**How to complete this task**
In your copy, reproduce the entries exactly as they are, minus the images.
Segment Start: Data for this exercise
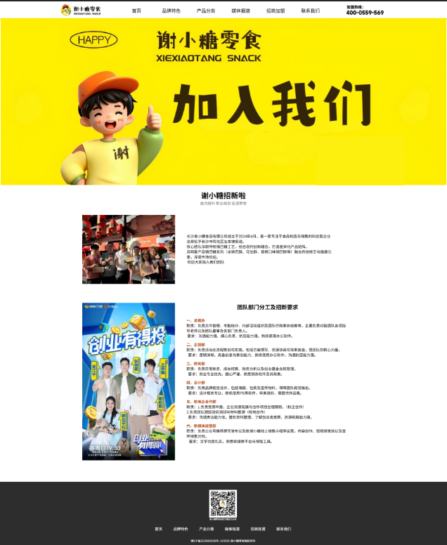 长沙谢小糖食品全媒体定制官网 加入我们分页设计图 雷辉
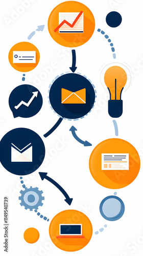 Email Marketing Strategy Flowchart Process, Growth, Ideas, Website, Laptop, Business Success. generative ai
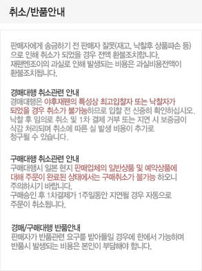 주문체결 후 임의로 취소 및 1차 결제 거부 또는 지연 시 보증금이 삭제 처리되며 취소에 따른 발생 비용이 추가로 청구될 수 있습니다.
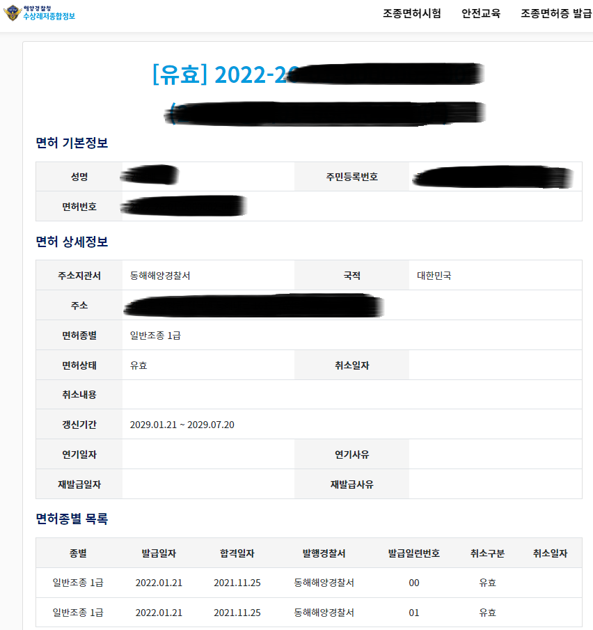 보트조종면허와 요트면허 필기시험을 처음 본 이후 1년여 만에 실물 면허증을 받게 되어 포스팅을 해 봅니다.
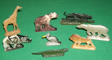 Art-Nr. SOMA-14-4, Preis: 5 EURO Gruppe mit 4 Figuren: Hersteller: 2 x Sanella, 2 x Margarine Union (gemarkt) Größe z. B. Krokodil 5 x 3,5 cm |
Segment End: Data for this exercise
**Solution**
 长沙谢小糖食品全媒体定制官网 加入我们分页设计图 雷辉
 Email Marketing Strategy Flowchart Process, Growth, Ideas, Website, Laptop, Business Success. generative ai
 주문체결 후 임의로 취소 및 1차 결제 거부 또는 지연 시 보증금이 삭제 처리되며 취소에 따른 발생 비용이 추가로 청구될 수 있습니다.
 보트조종면허와 요트면허 필기시험을 처음 본 이후 1년여 만에 실물 면허증을 받게 되어 포스팅을 해 봅니다.
 Art-Nr. SOMA-14-4, Preis: 5 EURO Gruppe mit 4 Figuren: Hersteller: 2 x Sanella, 2 x Margarine Union (gemarkt) Größe z. B. Krokodil 5 x 3,5 cm |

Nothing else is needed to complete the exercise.